WHAT IS BEING ASKED: Would you transcribe the entries below, beginning at the line with "等乾燥後,就可以整段的刨削成卷材了。刨削出的厚度,差不多就是筷子的厚度。" and ending after the line with "Friday was Day", exactly, with no picture and nothing more?

-- EXTRACTED MATERIAL follows --

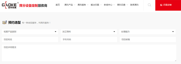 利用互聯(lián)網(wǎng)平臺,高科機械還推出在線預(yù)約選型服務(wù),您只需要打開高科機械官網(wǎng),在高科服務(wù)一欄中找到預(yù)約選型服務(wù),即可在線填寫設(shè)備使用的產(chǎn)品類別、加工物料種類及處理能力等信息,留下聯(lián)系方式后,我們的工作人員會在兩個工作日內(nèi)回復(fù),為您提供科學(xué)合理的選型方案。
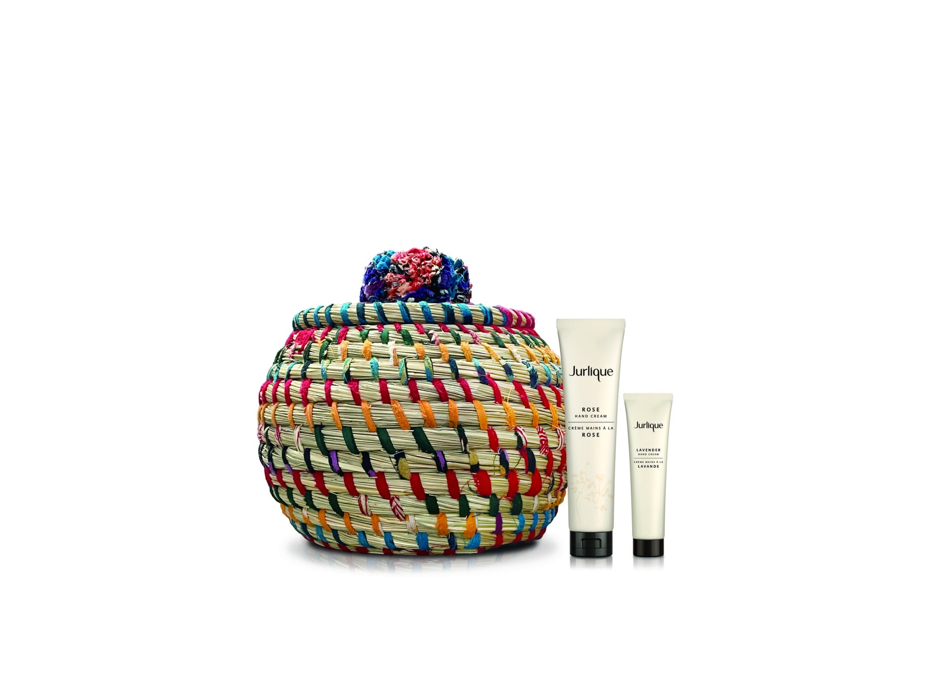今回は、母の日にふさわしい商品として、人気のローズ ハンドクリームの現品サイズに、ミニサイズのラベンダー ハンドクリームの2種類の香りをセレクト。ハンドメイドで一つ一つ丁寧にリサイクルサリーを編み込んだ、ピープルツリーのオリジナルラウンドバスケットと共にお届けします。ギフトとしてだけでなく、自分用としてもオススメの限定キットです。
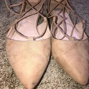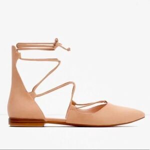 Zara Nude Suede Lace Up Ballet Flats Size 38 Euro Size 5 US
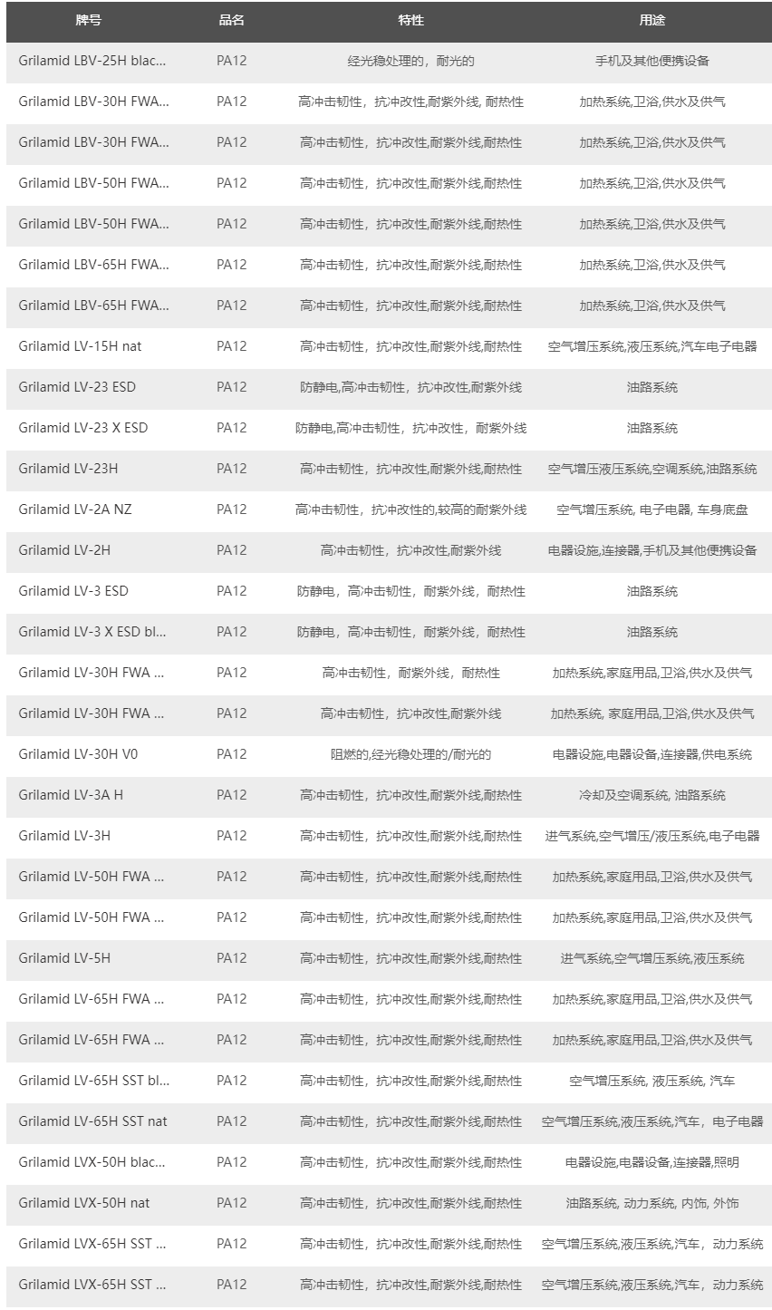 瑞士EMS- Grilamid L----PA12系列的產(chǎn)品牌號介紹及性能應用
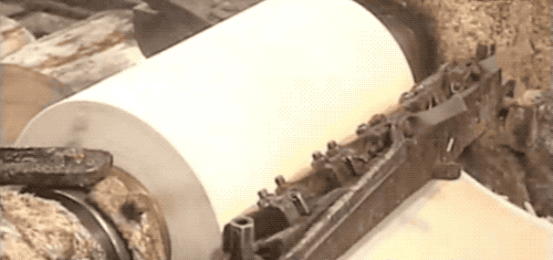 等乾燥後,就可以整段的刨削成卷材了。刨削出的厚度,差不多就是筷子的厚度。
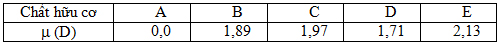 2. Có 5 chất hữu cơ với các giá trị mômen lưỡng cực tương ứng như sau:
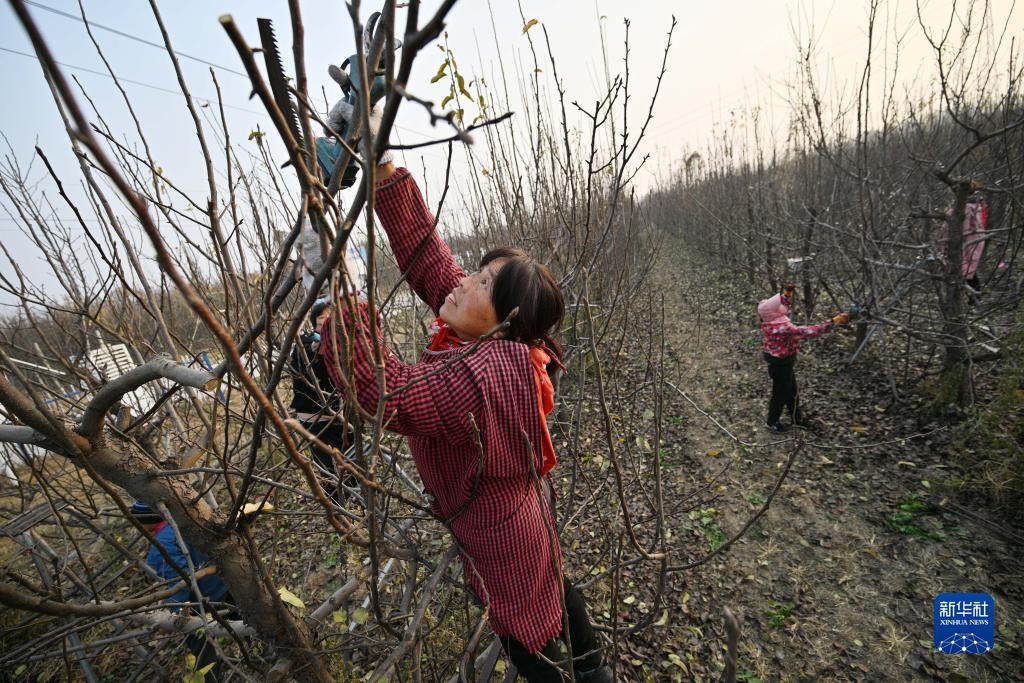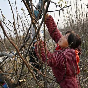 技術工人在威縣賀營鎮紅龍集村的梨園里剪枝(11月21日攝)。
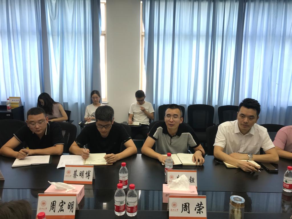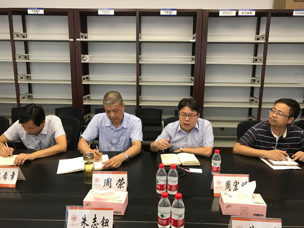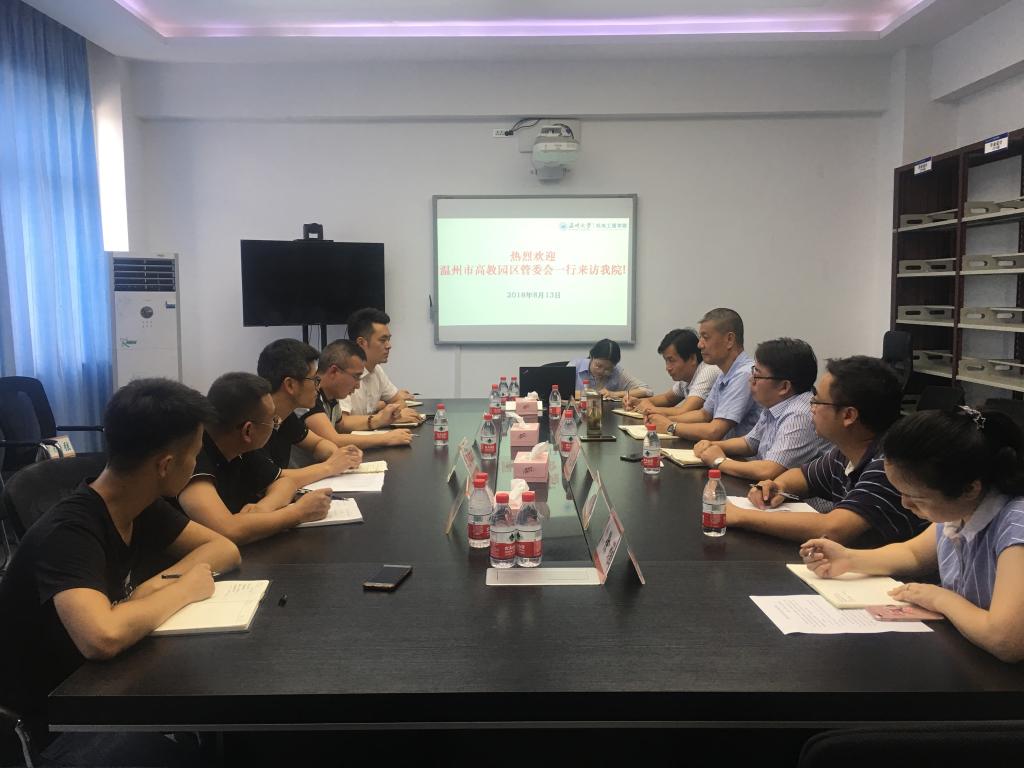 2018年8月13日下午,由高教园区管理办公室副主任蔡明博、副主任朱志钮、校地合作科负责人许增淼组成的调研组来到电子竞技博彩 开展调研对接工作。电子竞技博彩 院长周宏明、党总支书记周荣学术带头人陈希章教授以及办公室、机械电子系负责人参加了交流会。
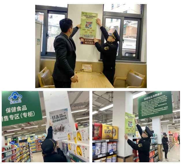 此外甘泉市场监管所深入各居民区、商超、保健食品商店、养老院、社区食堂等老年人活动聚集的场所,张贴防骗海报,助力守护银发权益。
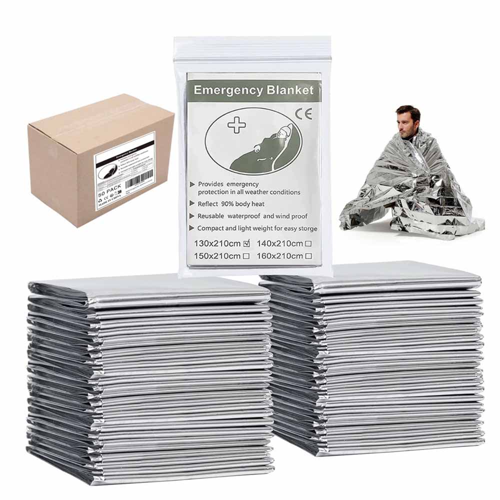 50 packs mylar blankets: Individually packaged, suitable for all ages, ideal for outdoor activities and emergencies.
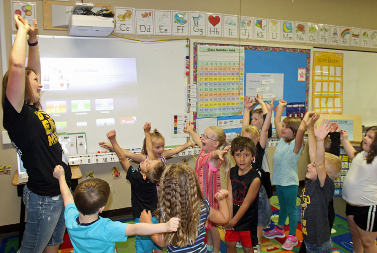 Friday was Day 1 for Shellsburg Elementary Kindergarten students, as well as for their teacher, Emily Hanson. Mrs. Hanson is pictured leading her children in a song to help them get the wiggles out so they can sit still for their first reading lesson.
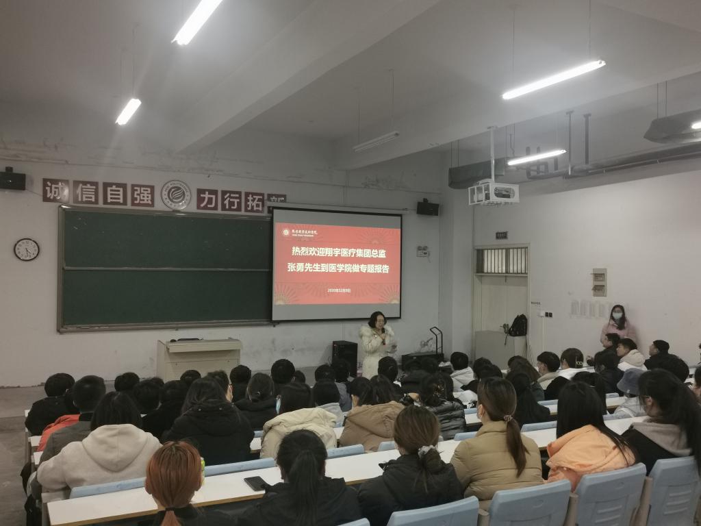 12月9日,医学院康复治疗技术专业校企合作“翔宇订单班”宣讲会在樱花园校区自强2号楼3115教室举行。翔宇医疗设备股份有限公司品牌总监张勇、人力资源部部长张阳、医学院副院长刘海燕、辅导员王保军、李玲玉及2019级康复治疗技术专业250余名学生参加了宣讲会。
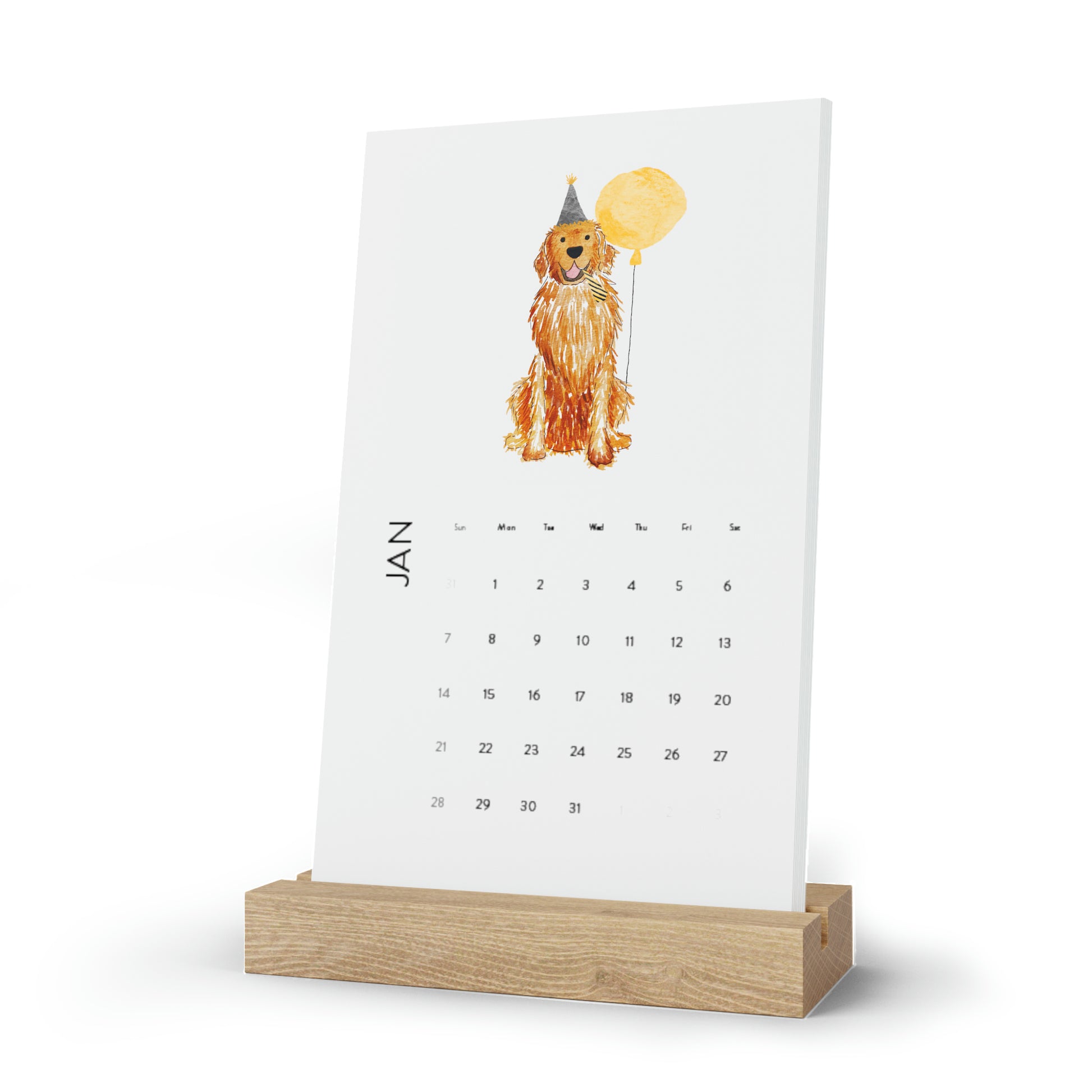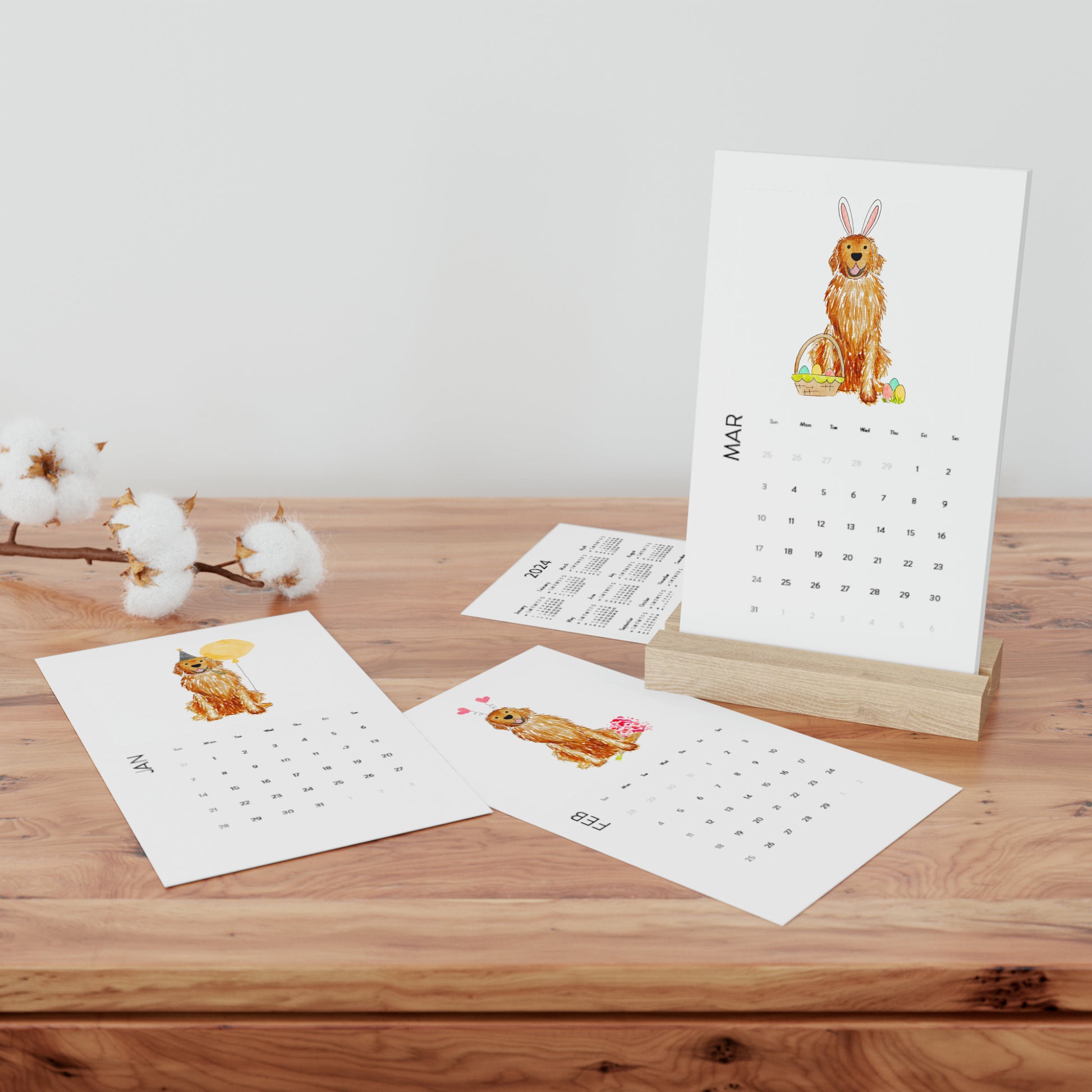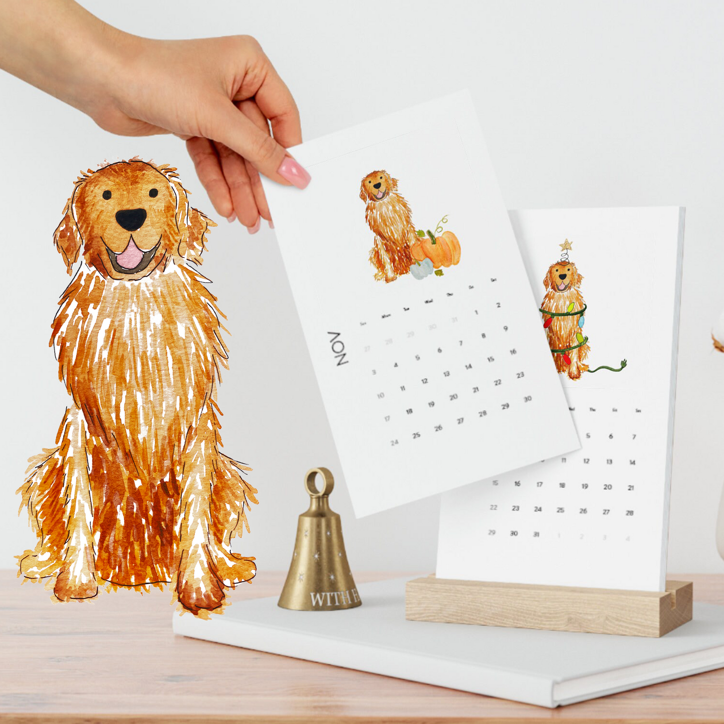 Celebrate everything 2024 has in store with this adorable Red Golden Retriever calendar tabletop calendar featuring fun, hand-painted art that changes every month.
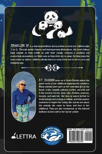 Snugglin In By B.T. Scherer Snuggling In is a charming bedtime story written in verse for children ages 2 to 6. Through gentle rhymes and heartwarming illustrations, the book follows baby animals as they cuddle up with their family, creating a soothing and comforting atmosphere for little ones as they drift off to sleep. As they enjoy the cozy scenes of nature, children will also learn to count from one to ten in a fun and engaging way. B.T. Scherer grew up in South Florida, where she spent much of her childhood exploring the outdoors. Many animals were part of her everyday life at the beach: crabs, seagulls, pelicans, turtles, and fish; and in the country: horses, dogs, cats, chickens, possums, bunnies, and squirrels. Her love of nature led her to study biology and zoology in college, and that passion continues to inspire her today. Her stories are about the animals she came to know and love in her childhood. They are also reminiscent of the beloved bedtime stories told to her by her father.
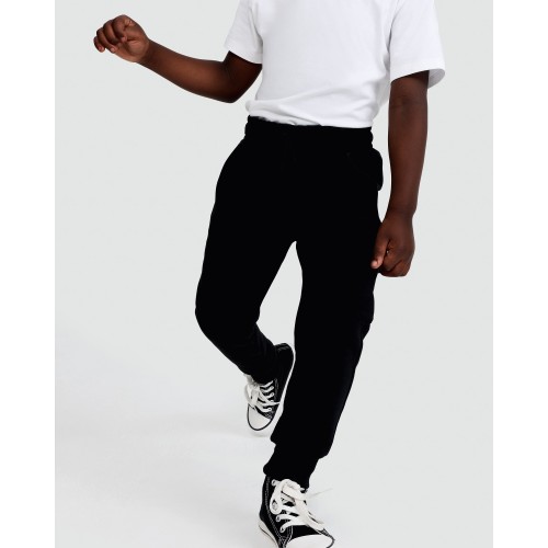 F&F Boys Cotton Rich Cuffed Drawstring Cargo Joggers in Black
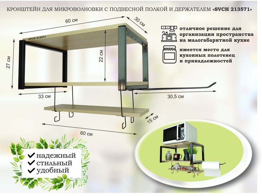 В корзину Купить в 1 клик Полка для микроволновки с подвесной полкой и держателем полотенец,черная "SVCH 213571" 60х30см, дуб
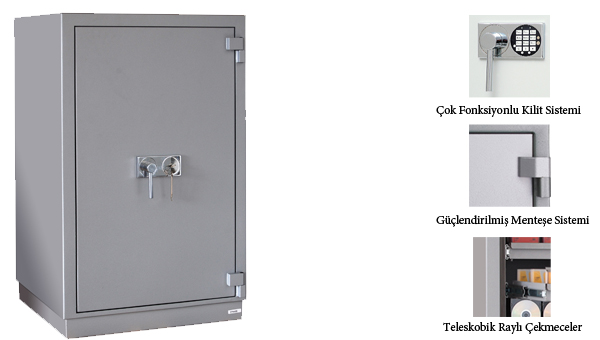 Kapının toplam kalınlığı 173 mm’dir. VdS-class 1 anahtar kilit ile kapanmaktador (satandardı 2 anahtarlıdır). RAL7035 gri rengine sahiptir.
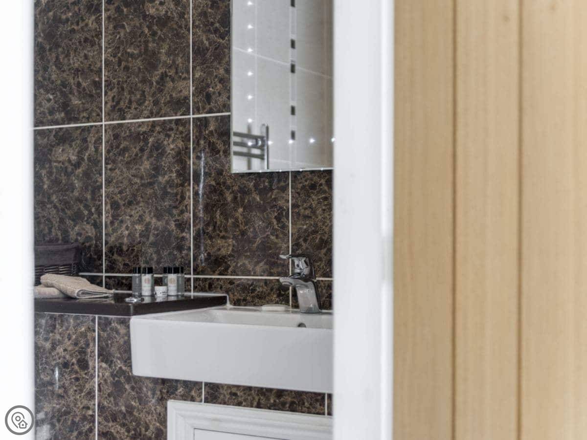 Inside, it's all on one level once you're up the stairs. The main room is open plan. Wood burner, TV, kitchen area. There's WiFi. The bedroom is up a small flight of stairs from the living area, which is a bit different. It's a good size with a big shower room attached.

-- EXTRACTED MATERIAL concluded --

YOUR RESPONSE:
 等乾燥後,就可以整段的刨削成卷材了。刨削出的厚度,差不多就是筷子的厚度。
 2. Có 5 chất hữu cơ với các giá trị mômen lưỡng cực tương ứng như sau:
 技術工人在威縣賀營鎮紅龍集村的梨園里剪枝(11月21日攝)。
 2018年8月13日下午,由高教园区管理办公室副主任蔡明博、副主任朱志钮、校地合作科负责人许增淼组成的调研组来到电子竞技博彩 开展调研对接工作。电子竞技博彩 院长周宏明、党总支书记周荣学术带头人陈希章教授以及办公室、机械电子系负责人参加了交流会。
 此外甘泉市场监管所深入各居民区、商超、保健食品商店、养老院、社区食堂等老年人活动聚集的场所,张贴防骗海报,助力守护银发权益。
 50 packs mylar blankets: Individually packaged, suitable for all ages, ideal for outdoor activities and emergencies.
 Friday was Day 1 for Shellsburg Elementary Kindergarten students, as well as for their teacher, Emily Hanson. Mrs. Hanson is pictured leading her children in a song to help them get the wiggles out so they can sit still for their first reading lesson.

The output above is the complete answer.